**Data**
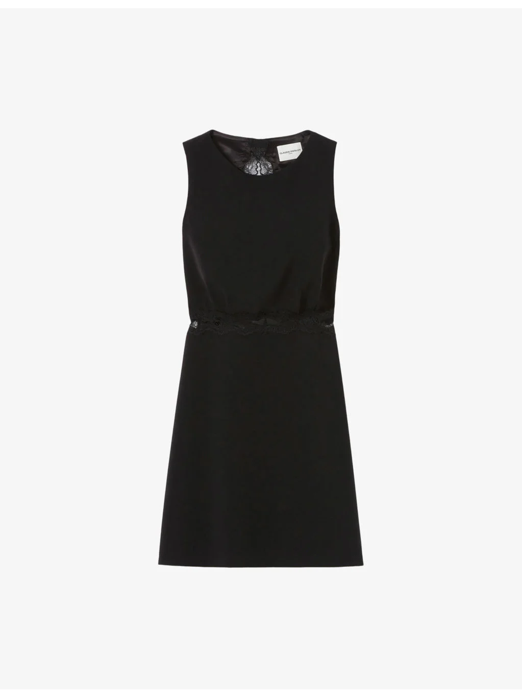 PRODUCT DETAILS - Claudie Pierlot stretch-woven mini dress - 91% polyester, 9% elastane - Zip fastening - Regular fit, round-neck, sleeveless, cut-out back, lace trim - Dry clean - True to size - Lightweight, slight stretch Ref: R04508821
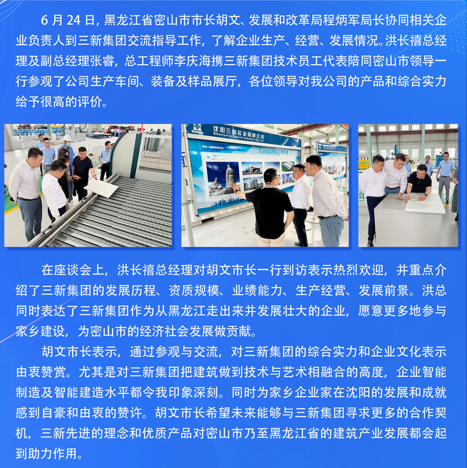 同根同源,共謀發(fā)展——黑龍江省密山市市長胡文一行赴三新集團調(diào)研交流工作
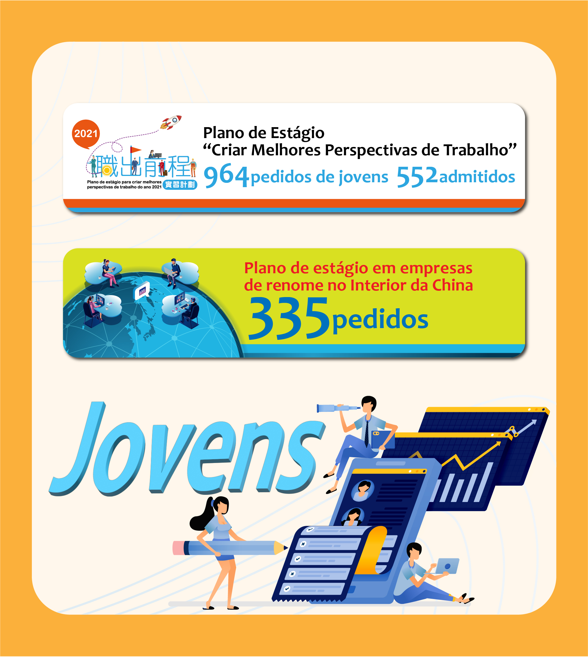 Plano de Estágio “Criar Melhores Perspectivas de Trabalho 2021” dá importância à vida profissional dos jovens, tendo 108 jovens sido contratados

**Work task**
Restate the listing word for word, pictures excluded.

**Answer box**
 PRODUCT DETAILS - Claudie Pierlot stretch-woven mini dress - 91% polyester, 9% elastane - Zip fastening - Regular fit, round-neck, sleeveless, cut-out back, lace trim - Dry clean - True to size - Lightweight, slight stretch Ref: R04508821
 同根同源,共謀發(fā)展——黑龍江省密山市市長胡文一行赴三新集團調(diào)研交流工作
 Plano de Estágio “Criar Melhores Perspectivas de Trabalho 2021” dá importância à vida profissional dos jovens, tendo 108 jovens sido contratados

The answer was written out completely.